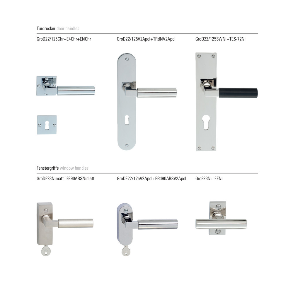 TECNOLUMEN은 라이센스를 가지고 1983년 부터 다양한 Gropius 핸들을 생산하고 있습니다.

==

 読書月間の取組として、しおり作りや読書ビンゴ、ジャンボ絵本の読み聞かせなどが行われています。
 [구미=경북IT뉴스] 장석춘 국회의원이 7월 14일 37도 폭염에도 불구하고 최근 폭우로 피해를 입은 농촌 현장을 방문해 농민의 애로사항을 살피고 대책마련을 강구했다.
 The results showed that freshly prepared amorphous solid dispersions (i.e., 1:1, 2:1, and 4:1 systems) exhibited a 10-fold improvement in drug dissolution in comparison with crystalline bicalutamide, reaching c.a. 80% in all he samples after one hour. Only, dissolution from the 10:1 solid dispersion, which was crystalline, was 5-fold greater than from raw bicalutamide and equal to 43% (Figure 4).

==

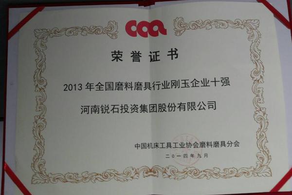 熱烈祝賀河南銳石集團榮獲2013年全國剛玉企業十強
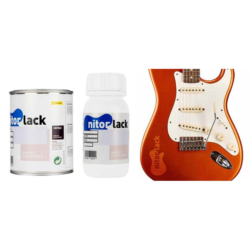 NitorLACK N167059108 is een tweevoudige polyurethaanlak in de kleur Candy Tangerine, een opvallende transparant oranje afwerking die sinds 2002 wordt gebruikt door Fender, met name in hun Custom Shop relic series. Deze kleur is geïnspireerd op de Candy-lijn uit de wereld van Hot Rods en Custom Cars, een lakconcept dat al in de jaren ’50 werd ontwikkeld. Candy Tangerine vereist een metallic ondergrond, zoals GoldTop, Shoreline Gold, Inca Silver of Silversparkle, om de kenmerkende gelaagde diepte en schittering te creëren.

* [What needs to be done]:
Look above for the line containing "[구미=경북IT뉴스] 장석춘 국회의원이" and the line containing "The results showed". Transcribe both, with the lines between them, exactly.

* [Task response]:
 [구미=경북IT뉴스] 장석춘 국회의원이 7월 14일 37도 폭염에도 불구하고 최근 폭우로 피해를 입은 농촌 현장을 방문해 농민의 애로사항을 살피고 대책마련을 강구했다.
 The results showed that freshly prepared amorphous solid dispersions (i.e., 1:1, 2:1, and 4:1 systems) exhibited a 10-fold improvement in drug dissolution in comparison with crystalline bicalutamide, reaching c.a. 80% in all he samples after one hour. Only, dissolution from the 10:1 solid dispersion, which was crystalline, was 5-fold greater than from raw bicalutamide and equal to 43% (Figure 4).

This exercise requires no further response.